The utility model discloses a chain traction robot walking track of a fully mechanized coal mining face, which comprises a plurality of track units, wherein each track unit comprises a first track and a second track which are symmetrically arranged, the first track and the second track are fixedly connected through a middle plate, an adjusting pin is arranged at the same end of the first track and the second track, accommodating grooves are formed in the first track and the second track in a matched mode with the adjusting pins, adjacent track units are arranged in a spliced mode through the adjusting pins and the accommodating grooves, a buffering self-balancing mechanism is arranged below the first track and the second track, and a traction chain is arranged inside the first track and the second track. The utility model provides a track device which can still ensure the stable operation of a robot train set under the conditions that the bottom plate of a fully mechanized mining face is uneven and the front, the back, the upper and the lower parts of a track can generate wrong stubbles due to bending or displacement generated in the process of pushing through an adjusting pin and a buffering self-balancing mechanism.

Description

Walking track of chain traction robot for fully mechanized coal mining face of coal mine

Technical Field

The utility model relates to the technical field of coal mine fully mechanized mining equipment, in particular to a walking track of a chain traction robot on a coal mine fully mechanized mining working surface.

Background

The mechanized fully mechanized coal mining face of the coal mine mainly comprises a coal mining machine, a scraper conveyor and a hydraulic support. With the development of the technology, the comprehensive mechanized coal mining is developed in the directions of automation, unmanned, informatization and intellectualization, and the robot replaces manual inspection or performs simple operation, so that the development trend in the future is certainly reached. However, due to the special geological conditions and environment of the coal mining working face of the coal mine, the conventional independently-walking wheel type robot and the conventional independently-walking covered belt robot cannot realize the technologies of obstacle identification, obstacle avoidance and obstacle crossing on the fully mechanized coal mining working face. The track self-propelled robot can only carry out routing inspection on a nearly horizontal working surface due to poor battery safety, small cruising ability, weak climbing ability and the like, and cannot carry out simple operation with a manipulator.

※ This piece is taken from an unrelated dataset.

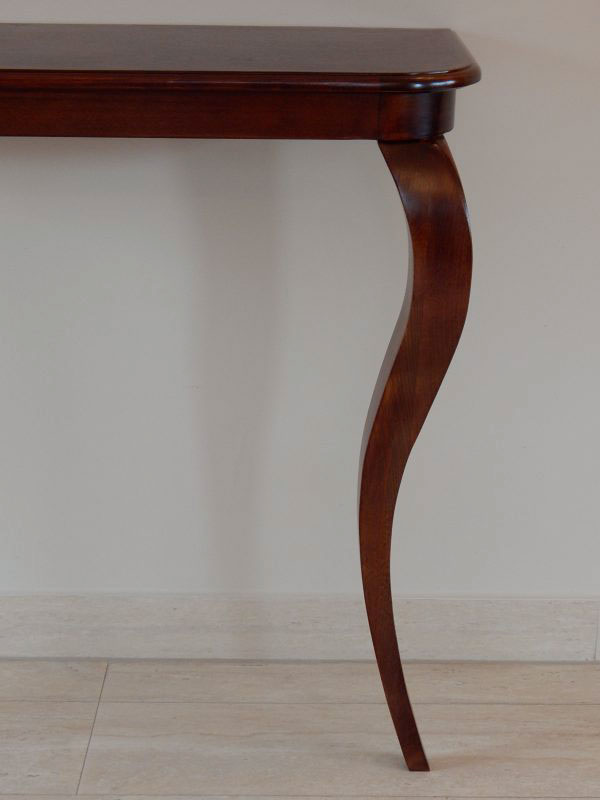 Konzolasztal kabriollábú [B-27] Konzolasztal kabriollábú [B-27] A méret ár: 95 000 Ft B méret ár: 115 000 Ft Dió, mahagóni vagy paliszander borítással, íves diófa lábakkal.(A) méret: 80 x 30 cm magasság: 77 cm(B) méret: 100 x 35 cm magasság: 77 cmA méret és formaváltozás 10 – 30 % felárat jelent Vissza

Therefore, the patent technology is the subject of designing and researching for the requirement that a working robot capable of carrying a manipulator or a robot for inspection on an inclined working surface can freely walk and position by being dragged by external force and by means of a rail

The walking track of the robot on the fully mechanized coal mining face of the coal mine is generally arranged on a cable trough on the outer side of a conveyor, and due to the limitation of a coal mining process and geological conditions, a 1-3-degree moving space is reserved between each section of middle trough and the middle trough of the conveyor to adapt to the uneven bottom plate of the working face caused by natural conditions and the deformation of about 30mm in extension or compression generated during pushing and sliding.

As a track for the robot to walk, the robot must be ensured to run stably under special conditions and processes of a fully mechanized mining face, so that the accuracy of monitoring data and the service life of a monitoring instrument can be ensured. In addition, the robot arm and the actuator are required to bear all directional forces.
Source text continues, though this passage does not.